Our study provides new expert opinion regarding the need for explicit values related to DEI and antiracism work. While many holistic review efforts emphasize creating a more equitable screening process, most of these efforts aim to remove biases rather than explicitly qualifying social justice work or diversity as values, with only one study aligning justice with the attributes of a EACM model.33 Our approach explicitly identifies DEI as a value. Using our values rubric uncouples Step 2, which is known to be racially biased, from our rank list.9 It is expected that with the change of Step 1 to pass/fail, Step 2 will only increase in importance regarding residency application review, and so finding other methods of evaluating applicants will be increasingly important.34

Our study has several limitations. In order to tailor our values to the institution-specific vision of residency selection outlined by the AAMC, our study is specific to our local institutional culture. While aspects of our work including our literature review and comparison to the ACGME Core Competencies are quite broad and we anticipate that several of these values are also paramount for success in other internal medicine-pediatrics programs and categorical internal medicine and pediatric programs, this has not been studied. Our study is also limited in that, while we can say that our values-informed rank list had different applicant characteristics in respect to standardized testing, we cannot definitively say that these applicants were different in other metrics.
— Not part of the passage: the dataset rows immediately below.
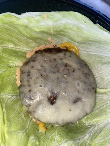 Patty: Beef Temp: Well Done Bread: Lettuce Fixings: Mustard, Ketchup, Mayo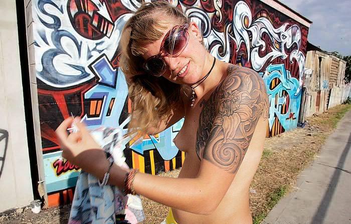 Классная татушка только портит дамочку на роликах!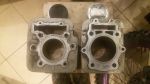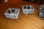 Yeehaw, we're finally getting somewhere. Got 2 shiny 350 barrels back from the machinist today. 2 prototypes on the way to production. I have ordered a pair of pistons from Wossner (the only people who would do small quantities for reasonable money). Unfortunately, another 6-8 weeks of nailbiting anticipation, but I've got to put my crankcases back together first anyhow.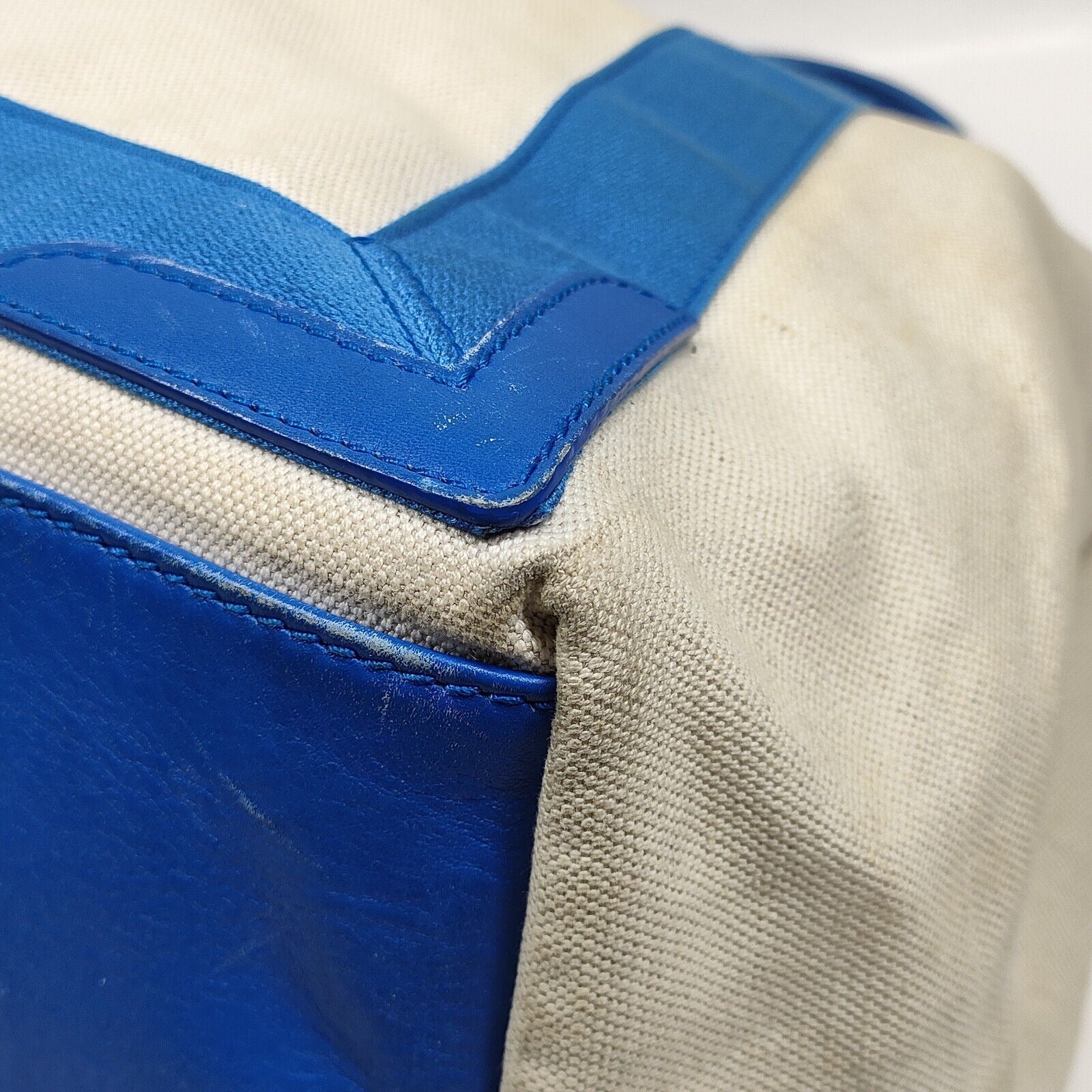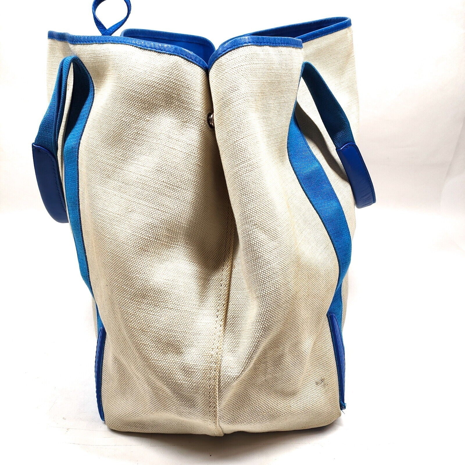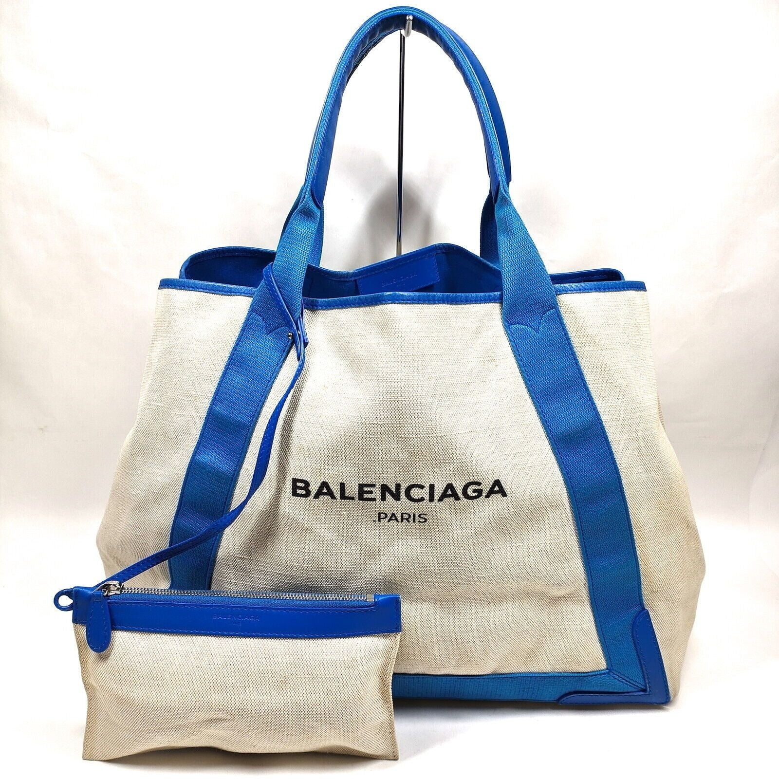 This is a fabulous, lightly used Balenciaga, 'Cabas' tote bag! The bag has a tapered shape and is made of a turquoise or royal blue leather (I think they are calling navy) and canvas with XL Balenciaga Paris logo on one side in black. There are two hard leather handles, a leather bottom, an attached wallet, and magnetic snaps on both sides to allow the purse to expand.

In addition, for this initial implementation, the reviewers were able to see the applicant’s Step 2 score. Importantly, we acknowledge that the residency application is fraught with bias, as letters of recommendation and medical student performance evaluation are subjective and can introduce bias into the application process.35 As these sections form the backbone of the application, it is possible we have simply replaced one biased metric with another. We also acknowledge that while Step 2 is biased, there is evidence that it has some predictive value in resident success.36 Because the values score uses the entire application rather than simply grades or standardized scores and is not correlated with Step 2 score, we are optimistic that values scoring may mitigate the bias from traditional metric data. We have not been able to follow these applicants over time to evaluate their productivity, innovation, or satisfaction in our residency program. Lastly, although this tool may be able to translate to applicant screening, this has not yet been validated.

We sought to publish our process to serve as a roadmap for other programs to create their own specific values as an aid in their resident selection and training process. While many values may overlap, we expect that other programs could identify additional values important for success in their programs. Given the local nature of this study, next steps could include expanding our study to include a multisite validation with other residency programs and potentially a more inclusive, multidisciplinary set of stakeholders. Ideally performing a multisite validation of the rubric would strengthen the validity of our values-based system. Given the time-intensive process of this work, we limited it to the interview stage. Next steps may also include creating a machine-learning tool using natural language processing to automate screening for these values in residency applications to aid in values-based interview selection. Our objective would be to further mitigate bias through an automated objective tool, rather than human evaluation, and to implement these values at the applicant screening stage. Further work will also validate these values with ACGME milestone data and other markers of residency success as we are able to track residents over time in our program.